Antti describes unlimited liabilities such as selling short a stock as particularly dangerous. Investors need to put survival first. Antti seems to support trend following as downside protection during long slow bear market, but that it is vulnerable to sudden market falls.
AQR published a study on trading/market impact costs using data from 1998-2016 and found that trades cost 9-19bps per dollar traded on average for large/small caps.
My Questions
Antti makes a compelling case for applying long/short strategies across multiple asset classes, seeming to imply a quadrupling of the Sharpe ratio. My main question is what kind of leverage this would realistically take and what borrowing costs would be for all the short positions.
The title is, however, very misleading. I can see why he used this title as a follow up to his earlier “Expected Returns” book but it unnecessarily seems to limit the scope of the work to be applicable only to a low return environment, while it is actually a much more general book. If anything, I wish that he had focused more on the particulars of investing in such an environment.
If I were teaching an introductory college class on investing I would definitely make this prerequisite reading. And it’s an excellent refresher/update for professionals that will also fill in some knowledge gaps.
Highly recommend for anyone serious about long-term "evidence-based" investing. If you can, I would read "Expected Returns" first, but it's not required.
His new book will thoroughly explore how one can derive expected return premia for all asset classes, including how one might practically put that knowledge to use, all the while keeping you grounded with a healthy dose of realism.
It's the thoroughly researched, practical, and no nonsense delivery of information that makes this a serious work with true value for readers. Tempered and well informed advice is what serious readers expect. It delivers exactly that.
Top reviews from other countries
Reviewed in Brazil 🇧🇷 on June 4, 2023
The book was written in 2001, when the everything bubble driven by zero interest rates and quantitative easing suggested different things to different people.
Some who saw the high growth rates feared missing out on expectations of continuing high returns. Others expected low returns based on mean reverting principles that see markets rise and fall.
By May 2023, we know inflation has risen sharply and caused central banks to increase interest rates rapidly.
This has changed the premise from the book. Cash now offers an attractive short term return, compared to other options, even if real interest rates (after inflation) are still negative. Equities and long term bonds fell sharply in 2022, badly damaging anyone with a 60/40 portfolio.

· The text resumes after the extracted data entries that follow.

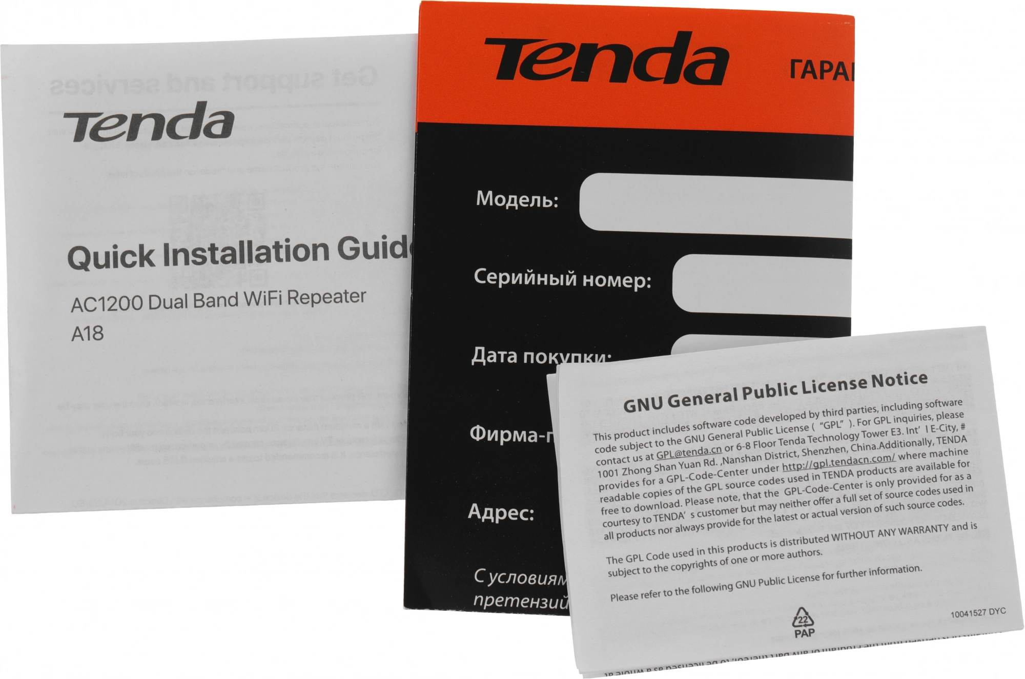 Отзывы на Повторитель беспроводного сигнала Tenda A18 AC1200 Wi-Fi белый (A18) отсутствуют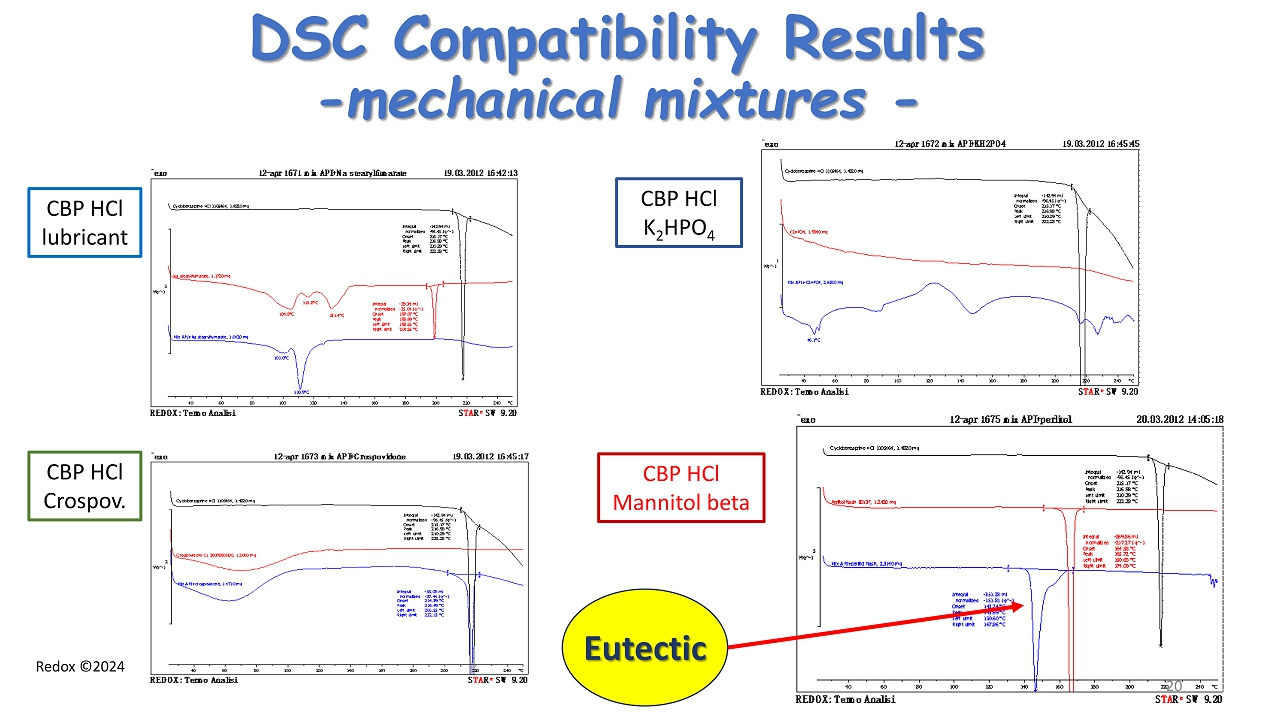 Redox ©2024 DSC Compatibility Results - mechanical mixtures - CBP HCl lubricant CBP HCl Crospov . CBP HCl K 2 HPO 4 CBP HCl Mannitol beta Eutectic 20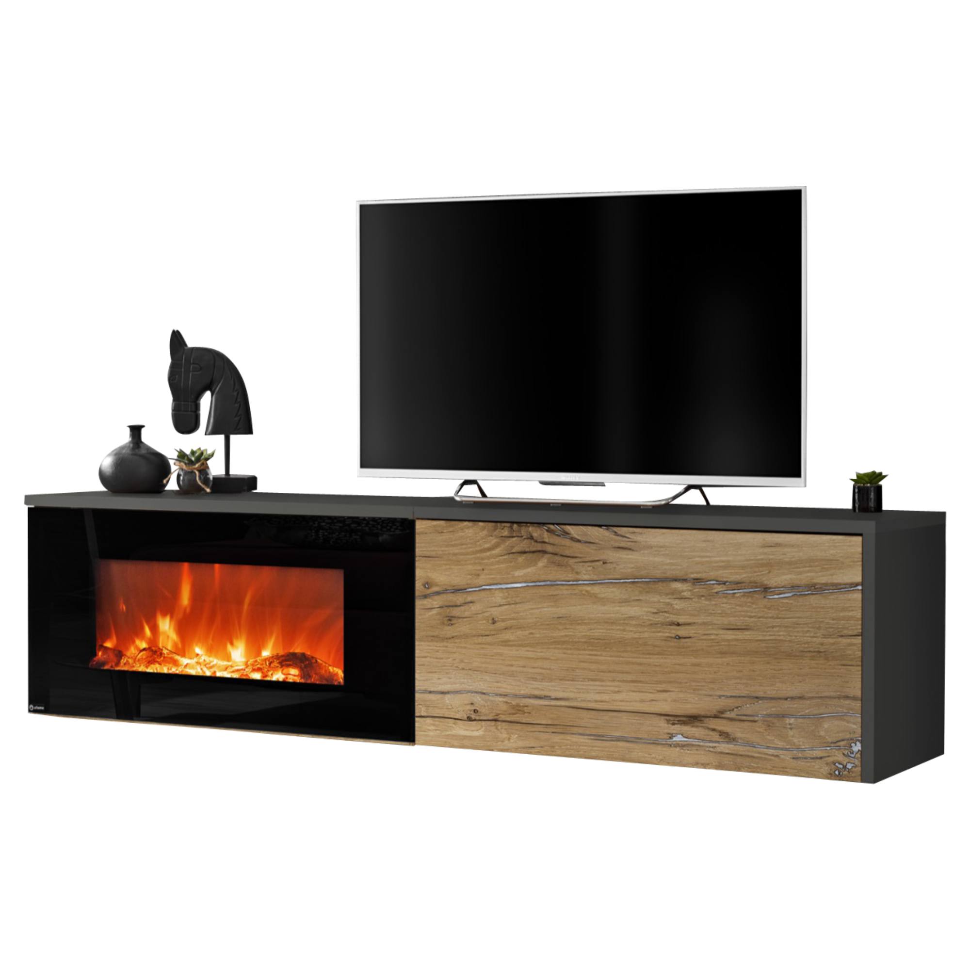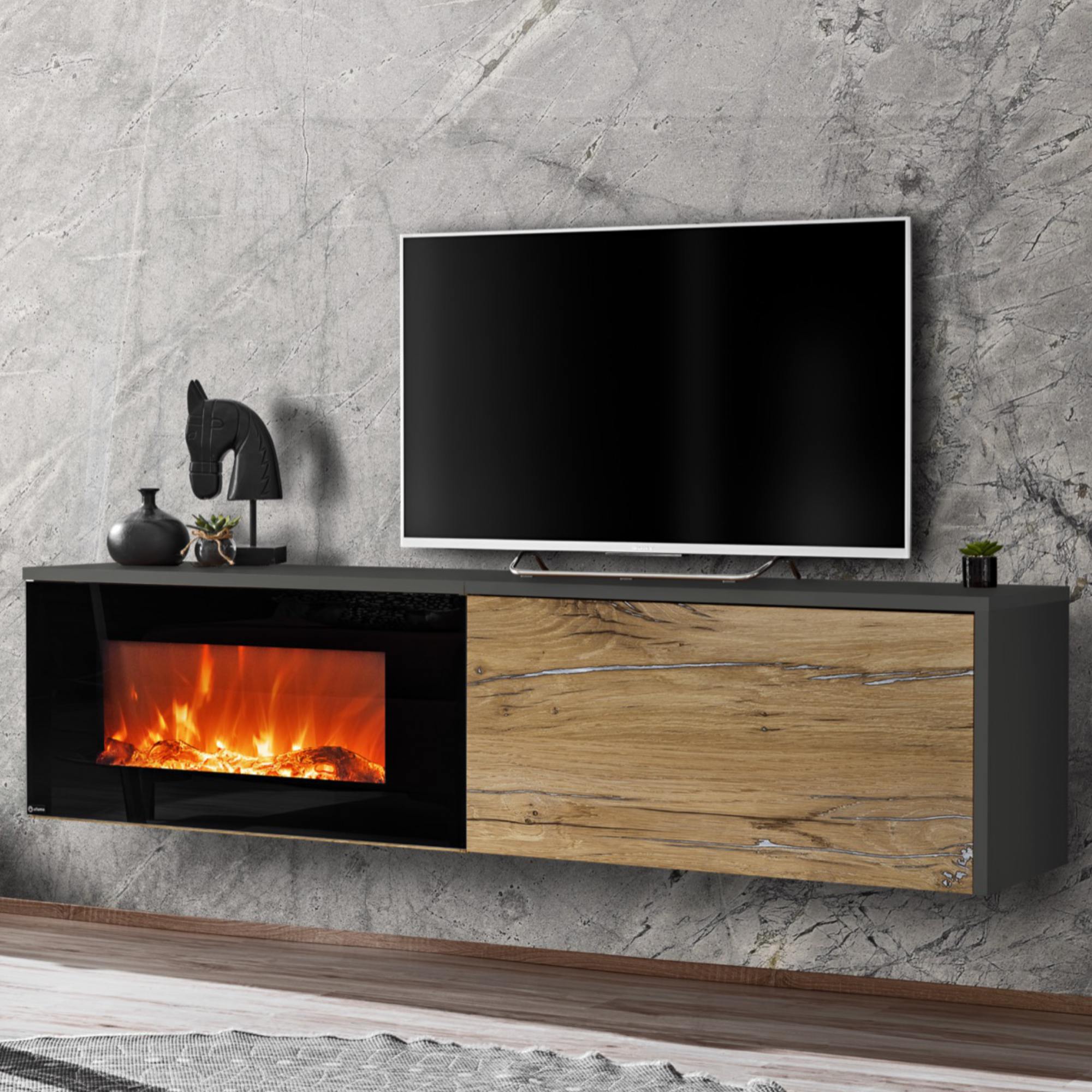 Závesná skrinka s elektrickým krbom DELLOS VI - dub/antracitová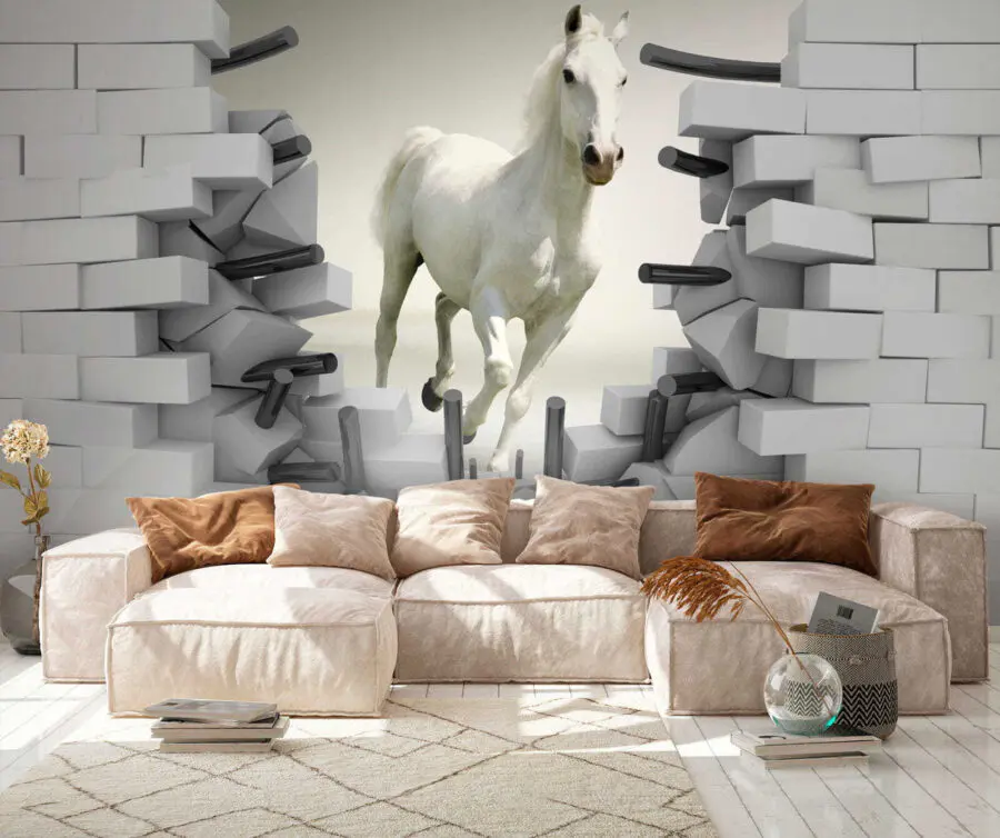 Imagine sentirse como si un semental blanco entrara literalmente galopando en su habitación, ¡a través de la pared! Eso es lo que conseguirá con este impresionante mural de pared. Tiene un increíble efecto 3D que hace que parezca que el caballo está a punto de salir de la obra de arte y entrar directamente en tu habitación. Los niños se quedarán asombrados, pensando que forman parte de una aventura mágica. Y para los adultos, ¡sin duda dará que hablar! Ya sea para una habitación de juegos, una sala de estar original o incluso una oficina creativa, este mural aporta una explosión de energía y un toque de fantasía. Es encantador, atrevido y con la dosis justa de inesperado: ¡simplemente no puede mirarlo sin sonreír!

We're also seeing banks crash in the USA, and have a credit crunch that is likely to cause a recession. I think it's likely that the S&P 500 index will fall much further.
These changes mean that in some ways, the problem addressed in the book may have been "cured" by 2024 or 2025. Sharp reductions in asset values could put us back in a position of normal returns.
That said, the book is really about good investment practices and especially, having a properly diversified portfolio.
It's well established that diversification can improve long term returns and reduce volatility. It also emphasises the importance of keeping costs low
This is a book more for professional investors than the general public. You will need to be a sophisticated investor to get value from it.